## Task to carry out:
Copy all data exactly. Skip pictures.

## Supplied data:
*-*-*

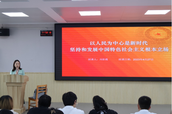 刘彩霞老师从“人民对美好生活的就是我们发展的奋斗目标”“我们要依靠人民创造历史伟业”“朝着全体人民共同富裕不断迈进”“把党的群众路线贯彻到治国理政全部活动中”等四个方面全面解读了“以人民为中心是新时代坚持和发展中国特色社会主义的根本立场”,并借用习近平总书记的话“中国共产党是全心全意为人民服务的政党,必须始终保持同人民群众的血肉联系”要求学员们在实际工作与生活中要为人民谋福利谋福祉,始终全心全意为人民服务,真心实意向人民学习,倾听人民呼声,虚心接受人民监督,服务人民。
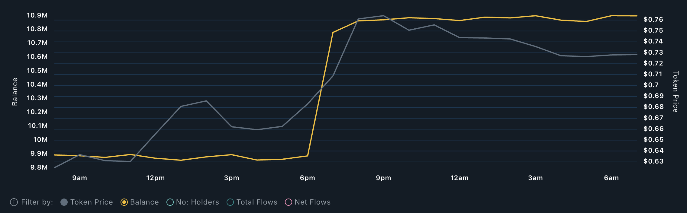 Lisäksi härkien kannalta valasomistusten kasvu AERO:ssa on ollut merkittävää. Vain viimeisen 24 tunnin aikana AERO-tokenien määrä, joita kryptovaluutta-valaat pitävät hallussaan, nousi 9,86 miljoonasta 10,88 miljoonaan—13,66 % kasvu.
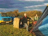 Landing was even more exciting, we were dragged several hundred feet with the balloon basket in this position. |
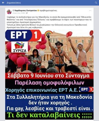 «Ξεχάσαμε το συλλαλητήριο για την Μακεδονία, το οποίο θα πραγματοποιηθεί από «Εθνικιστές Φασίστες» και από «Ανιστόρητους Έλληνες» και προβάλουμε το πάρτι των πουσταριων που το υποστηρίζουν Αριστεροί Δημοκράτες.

*-*-*

## Response area:
 刘彩霞老师从“人民对美好生活的就是我们发展的奋斗目标”“我们要依靠人民创造历史伟业”“朝着全体人民共同富裕不断迈进”“把党的群众路线贯彻到治国理政全部活动中”等四个方面全面解读了“以人民为中心是新时代坚持和发展中国特色社会主义的根本立场”,并借用习近平总书记的话“中国共产党是全心全意为人民服务的政党,必须始终保持同人民群众的血肉联系”要求学员们在实际工作与生活中要为人民谋福利谋福祉,始终全心全意为人民服务,真心实意向人民学习,倾听人民呼声,虚心接受人民监督,服务人民。
 Lisäksi härkien kannalta valasomistusten kasvu AERO:ssa on ollut merkittävää. Vain viimeisen 24 tunnin aikana AERO-tokenien määrä, joita kryptovaluutta-valaat pitävät hallussaan, nousi 9,86 miljoonasta 10,88 miljoonaan—13,66 % kasvu.
 Landing was even more exciting, we were dragged several hundred feet with the balloon basket in this position. |
 «Ξεχάσαμε το συλλαλητήριο για την Μακεδονία, το οποίο θα πραγματοποιηθεί από «Εθνικιστές Φασίστες» και από «Ανιστόρητους Έλληνες» και προβάλουμε το πάρτι των πουσταριων που το υποστηρίζουν Αριστεροί Δημοκράτες.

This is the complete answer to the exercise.